Я не могла не улыбнуться и едва не спросила, для чего он это говорил.

— Всему этому есть одна главная причина, — начал он положительно (после я узнала, что он был уверен в том, что говорил), — причина, которая внушает мне омерзение, — это полуостров (Сальвадор).

Это неожиданное напоминание очень взволновало меня.

— Ты надеешься.

Я молчала.

— Я не имею ничего к этому человеку, потому что это слишком пустой человек.

— Я нисколько не надеюсь, мне нечего надеяться, — сказала я, подумав.

— Это ничего не значит, рассудком ты можешь отвергать все ожидания, это не мешает.

Он ждал возражения, но его не было, я чувствовала справедливость этих слов.

…Мне как-то страшно и больно сладко от намеков о Сальвадоре. Какая, однако, дичь, во всем, что было между мной и Сальвадором. Какая бездна противоречий в отношениях его ко мне.

Федор Михайлович опять все обратил в шутку и, уходя от меня, сказал, что ему унизительно так меня оставлять (это было в 1 час ночи, я раздетая лежала в постели)».

Неизвестно, все ли сцены, во время которых Аполлинария лежала раздетая, кончались таким же образом.

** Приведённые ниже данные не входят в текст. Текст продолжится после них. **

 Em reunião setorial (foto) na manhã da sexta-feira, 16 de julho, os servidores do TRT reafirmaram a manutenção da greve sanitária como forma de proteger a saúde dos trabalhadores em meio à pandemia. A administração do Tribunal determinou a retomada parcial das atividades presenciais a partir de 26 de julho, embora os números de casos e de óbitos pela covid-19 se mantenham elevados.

Но даже если она иногда и соглашалась уступить ему, большой радости это принести не могло: она была способна на другое утро обращаться с ним холоднее и суше, чем обычно.

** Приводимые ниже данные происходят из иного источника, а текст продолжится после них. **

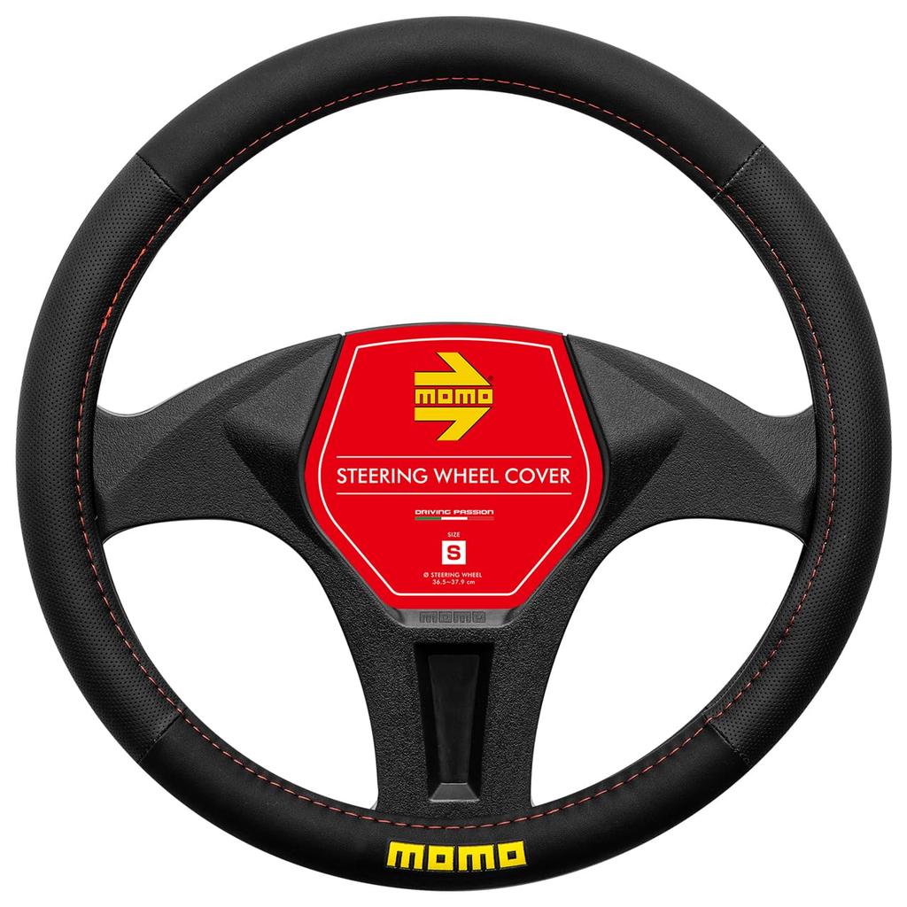 FARBE: SCHWARZ und Rote Naht - Gelbes MOMO-Logo (rot)

За каждое объятие он должен был расплачиваться дорогой ценой, и короткий миг обладания только подтверждал то, чего он не хотел признать, но ощущал всем существом: она его больше не любила физически, у него не было над нею никакой власти, и чем жарче горела его кровь, тем ожесточеннее мучила она его своей холодностью и враждой.

Да и сам он порою ненавидел её, особенно после бесед о Сальвадоре, или о Петербурге, о том, чего больше никогда не будет.

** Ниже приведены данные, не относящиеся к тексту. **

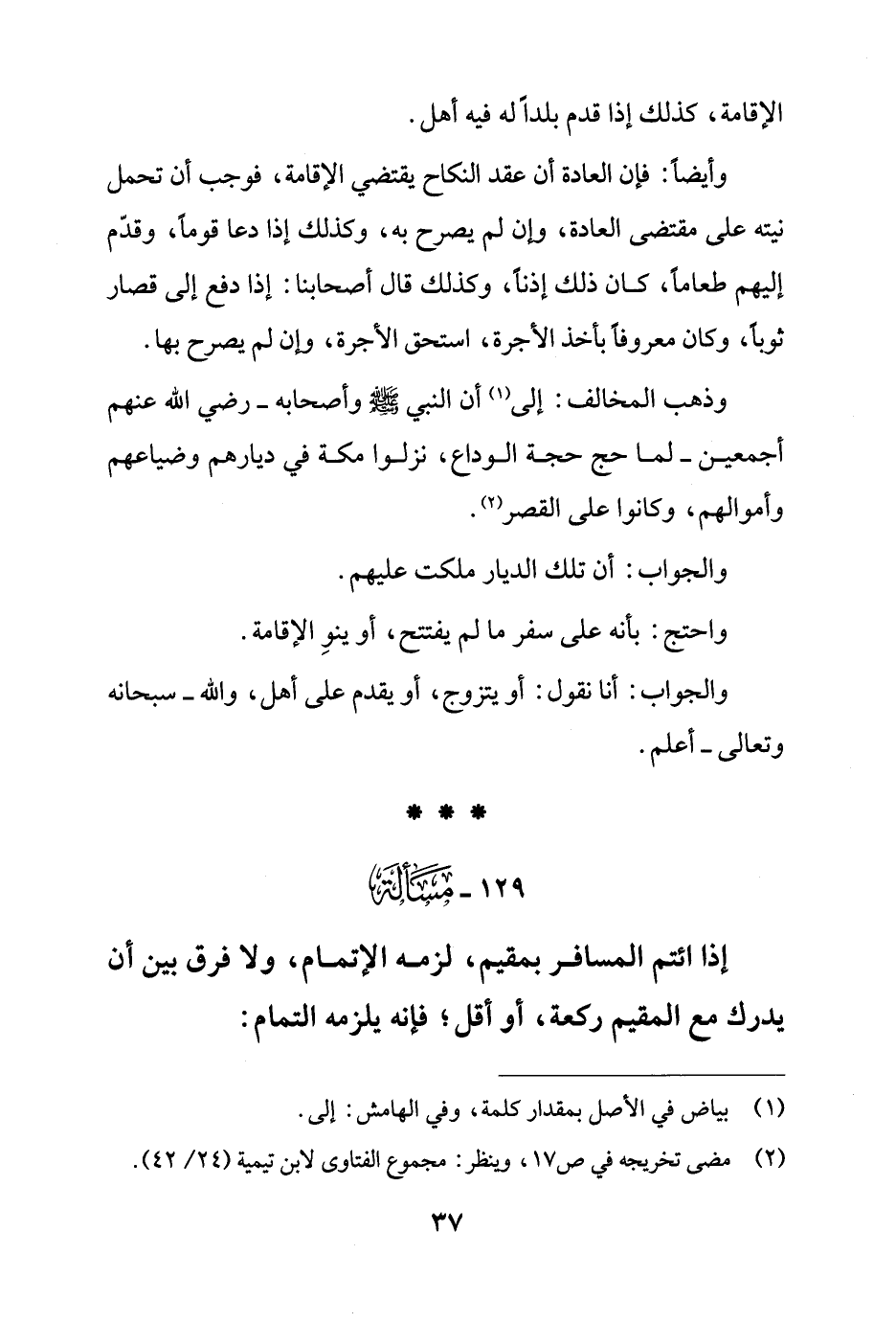 129 - مَسْألَة: إذا ائتم المسافر بمقيم، لزمه الإتمام، ولا فرق بين أن يدرك مع المقيم ركعة، أو أقل؛ فإنه يلزمه التمام:

Из Турина, через Геную и Ливорно, они отправились в Неаполь на пароходе, а из Неаполя поехали в Рим. Они путешествовали по Италии, бродили по стране влюбленных и поэтов, но восхищение от красот природы и искусства не обращалось у них в нежность, не питало страсти.

Наоборот, их иногда тяготило, что от этих южных небес, великолепия красок и богатства человеческих творений исходил такой чувственный призыв к счастью и радости. Они не были в гармонии с краем «лавра и лимона», и оттого ещё резче ощущали свою телесную и душевную неустроенность. Аполлинария тайно мечтала о том, как Сальвадор вернется к ней и как она его накажет. Достоевский, после каждого мига близости и беззаботности, вспоминал Марью Димитриевну.

В трудные минуты Достоевский сознавал, что его скитания с Аполлинарией походили скорее на крестный путь, чем на любовную поездку.

Из Неаполя 6 октября они возвратились в Геную и на пароходе встретили Герцена с семьей. Достоевский представил ему Аполлинарию, как свою родственницу.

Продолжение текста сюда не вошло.